:: Supplied material

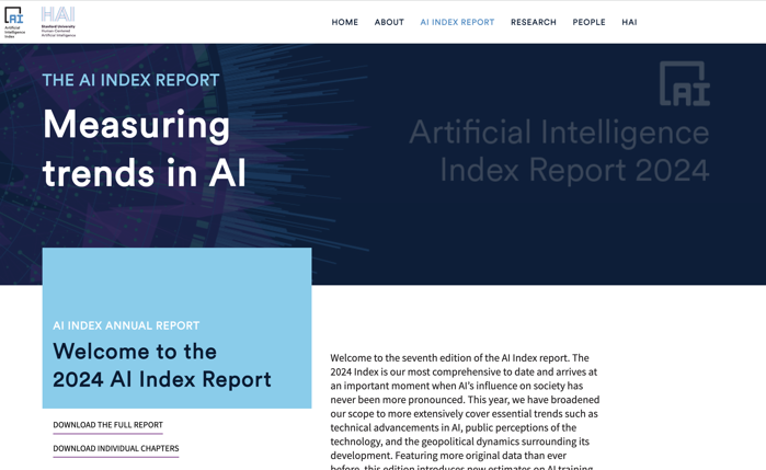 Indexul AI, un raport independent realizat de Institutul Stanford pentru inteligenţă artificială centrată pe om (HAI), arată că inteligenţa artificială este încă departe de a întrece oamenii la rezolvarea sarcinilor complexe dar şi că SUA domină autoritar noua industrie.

::::
:: Supplied material

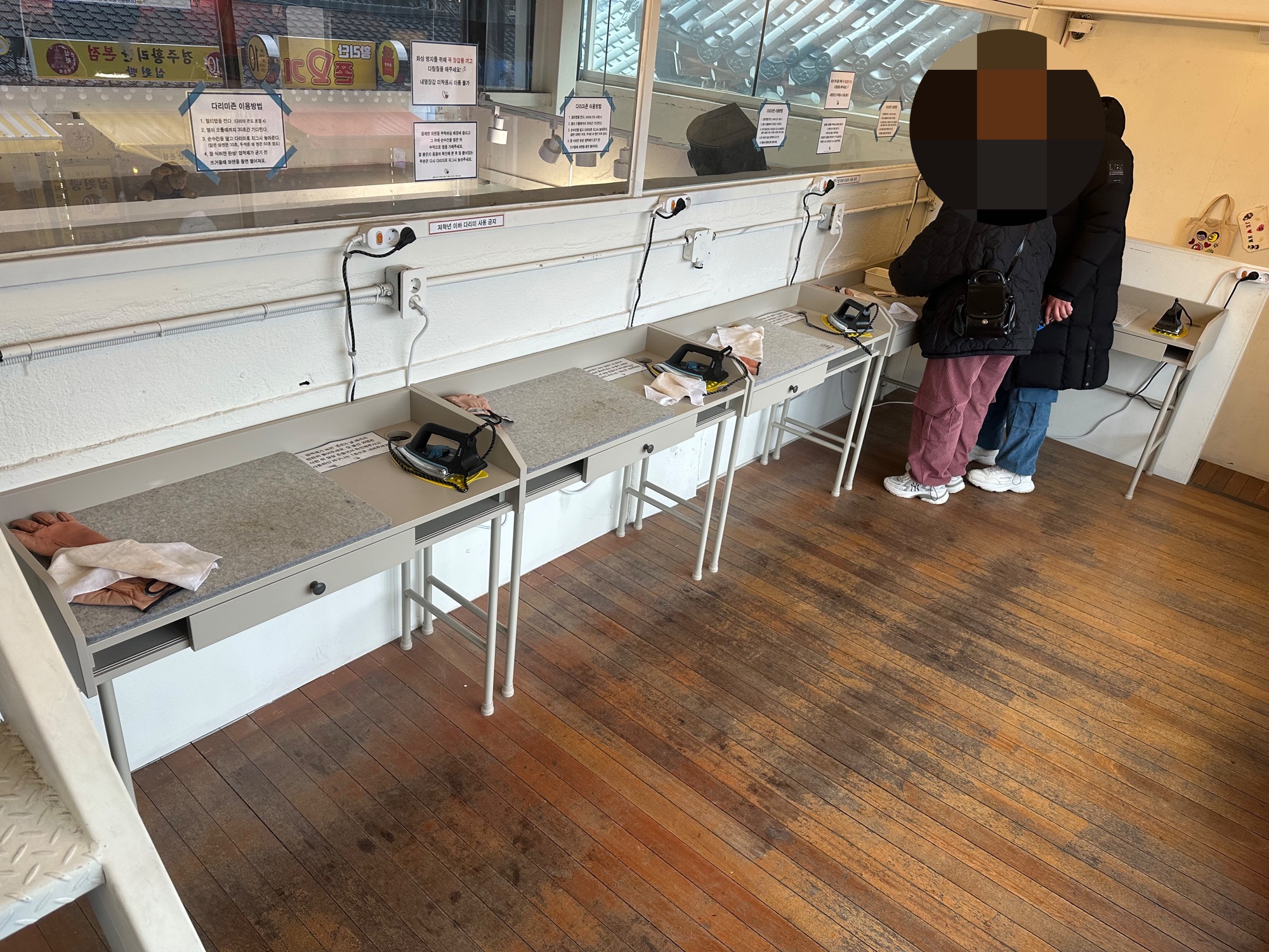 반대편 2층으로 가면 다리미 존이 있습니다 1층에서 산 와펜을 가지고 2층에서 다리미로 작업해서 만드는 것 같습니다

::::
:: Supplied material

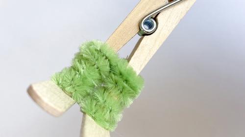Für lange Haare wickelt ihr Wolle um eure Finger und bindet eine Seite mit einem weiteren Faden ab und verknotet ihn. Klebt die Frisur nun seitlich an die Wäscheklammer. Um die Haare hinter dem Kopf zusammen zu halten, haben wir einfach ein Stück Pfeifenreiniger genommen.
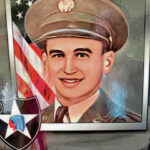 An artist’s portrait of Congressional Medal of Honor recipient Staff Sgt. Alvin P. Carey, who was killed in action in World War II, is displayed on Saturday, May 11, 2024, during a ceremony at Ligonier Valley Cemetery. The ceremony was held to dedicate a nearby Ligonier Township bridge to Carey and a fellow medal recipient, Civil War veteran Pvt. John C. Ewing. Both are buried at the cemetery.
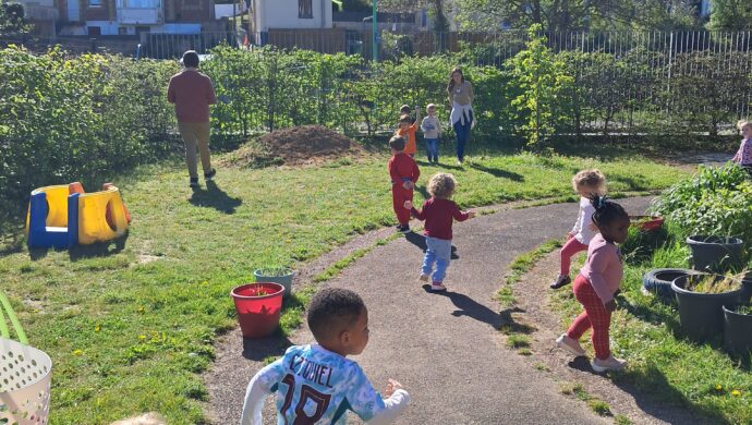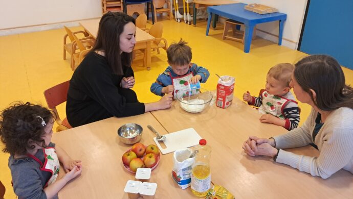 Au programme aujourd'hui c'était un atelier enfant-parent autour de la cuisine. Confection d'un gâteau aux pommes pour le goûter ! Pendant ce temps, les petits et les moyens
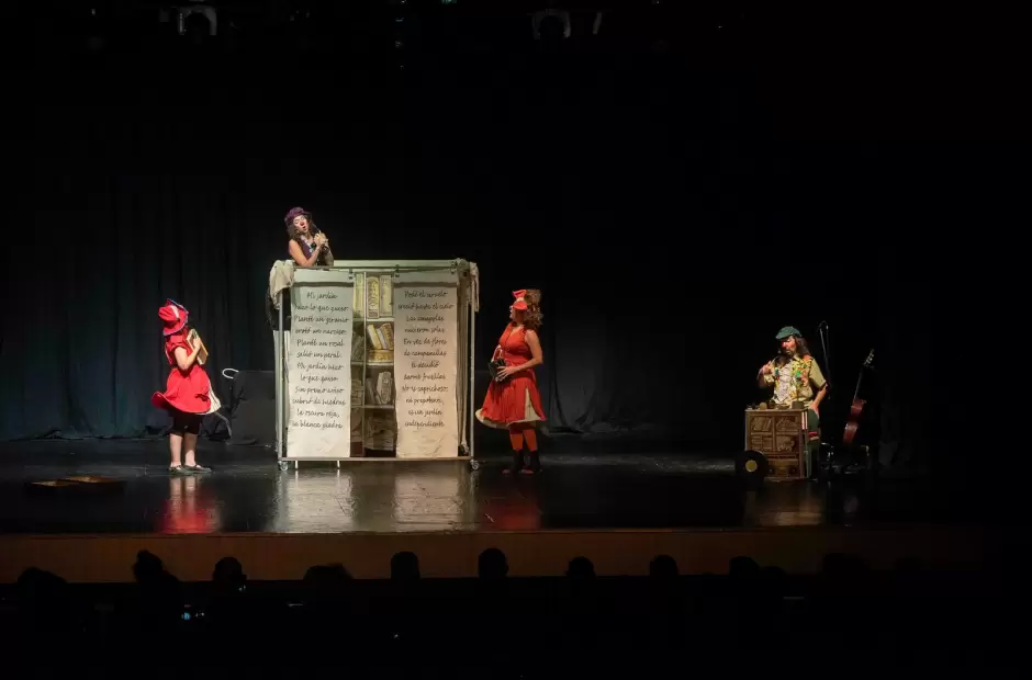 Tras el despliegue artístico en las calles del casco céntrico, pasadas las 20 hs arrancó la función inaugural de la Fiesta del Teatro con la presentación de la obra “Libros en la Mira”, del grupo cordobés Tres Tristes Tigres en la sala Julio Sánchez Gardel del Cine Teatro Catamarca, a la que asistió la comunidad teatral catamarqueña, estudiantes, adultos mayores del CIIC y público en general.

::::

■ **Work request**
What you write out is the stretch of entries from the line containing "Au programme aujourd'hui" to the line containing "Tras el despliegue", word for word, with both end lines and no pictures.

■ **Solution for this task**
 Au programme aujourd'hui c'était un atelier enfant-parent autour de la cuisine. Confection d'un gâteau aux pommes pour le goûter ! Pendant ce temps, les petits et les moyens
 Tras el despliegue artístico en las calles del casco céntrico, pasadas las 20 hs arrancó la función inaugural de la Fiesta del Teatro con la presentación de la obra “Libros en la Mira”, del grupo cordobés Tres Tristes Tigres en la sala Julio Sánchez Gardel del Cine Teatro Catamarca, a la que asistió la comunidad teatral catamarqueña, estudiantes, adultos mayores del CIIC y público en general.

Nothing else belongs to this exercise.